Sur les conseils d’un ami, je me suis lancé dans la lecture des Mémoires de Jean Monnet (617 pages !). On y ressent à chaque ligne combien cet homme avait la force qui permet de changer le monde.

Jean Monnet, c’est le « père de l’Europe », celui qui a créé le Plan en 1946.

Cette carrière qui lui fera une place d’honneur dans l’Histoire, et le conduira grâce à François Mitterrand au Panthéon, il la commence vraiment à 57 ans, en 1945.

Ses réflexions et témoignages sont une véritable leçon sur la force de la Vision et de la Volonté, cette concentration sur le moyen terme, qui est nécessaire pour mettre en perspective le présent, et éclairer le futur.

Son obsession, le but de sa vie, il l’a identifiée très tôt, nous dit il :

« Il me semblait que j’avais toujours suivi la même ligne continue dans des circonstances, sous des latitudes différentes, mais avec une seule préoccupation : unir les hommes, régler les problèmes qui les divisent, les amener à voir leur intérêt commun ».

Il n’oubliera jamais une rencontre avec Antoine de Saint-Exupéry qui lui dira : « Le plus beau métier des hommes, c’est d’unir les hommes ».

Ce sens de l’intérêt commun, il a en eu bien besoin pour convaincre à s’unir des nations qui sortaient de la Guerre.
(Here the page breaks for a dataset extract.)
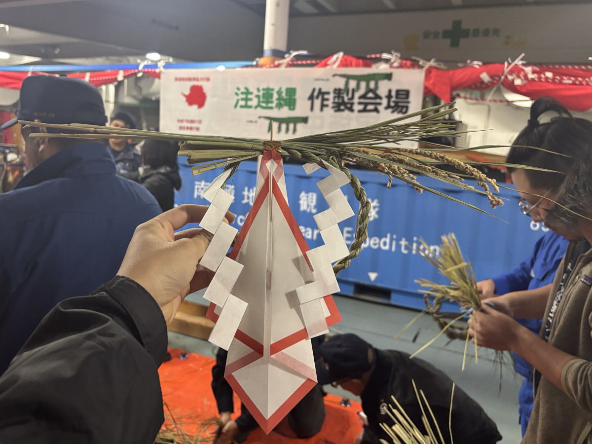 しらせでしめ縄づくりを行いました.この日は餅つき大会も同時に行われ,船内は新年ムード一色でした.しめ縄を個人で作れると思っていなくて,開催されることを知ってからどのように作るのか楽しみにしていました.しらせ乗員に教えていただきながら作ってみたところ,すごく簡単に作ることができました.写真は自分が作ったしめ縄です.日本でも再度作ってみたいと思います.(杉)

Son récit de la construction de l’Europe, vécue de l’intérieur, de petites victoires en petites victoires, est passionnant.

J’ai aussi été sensible aux moments plus intimes, où il parle de lui-même et de ses méthodes pour réfléchir et décider, car pour lui, la pensée ne vaut que dans l’action.

Voici une belle leçon sur la vision, qui se déguste mot après mot :

« Je ne saurais dire à quoi tient cette conviction qui dans les circonstances importantes de ma vie arrête brusquement ma réflexion continue pour la transformer en décision.

C’est ce que d’autres appellent le sens du moment. Mais je ne m’interroge pas  sur la nécessité de faire ceci ou cela – c’est la nécessité qui me conduit à faire quelque chose qui n’est plus un choix dès l’instant où je le vois clairement. Pour le voir clairement, je dois me concentrer – ce que je ne peux obtenir que dans l’isolement, au cours de longues marches. (…). Je me lève tôt et je parcours des kilomètres en solitaire. Quand je quitte la maison, j’emporte avec moi toutes les pensées, les préoccupations de la veille. Mais quand j’ai marché pendant une demi-heure, ou une heure, elles commencent à disparaître et peu à peu je découvre les choses autour de moi, je remarque les fleurs ou les feuilles sur les arbres. A ce moment là, je sais que rien ne peut me déranger. Je laisse mes idées se situer d’elles-mêmes à leur propre niveau. Je ne me force pas à réfléchir à un sujet donné – les sujets me viennent naturellement parce que je poursuis toujours la même pensée, ou plutôt je n’en poursuis qu’une à la fois.(…).

Marcher m’a toujours été une hygiène intellectuelle autant que physique qui m’aide en effet à conclure. Ensuite c’est différent, je reviens dans le monde de l’action, de l’exécution ».

Lisez Jean Monnet, une référence pour les décideurs en panne de vision, ou de courage.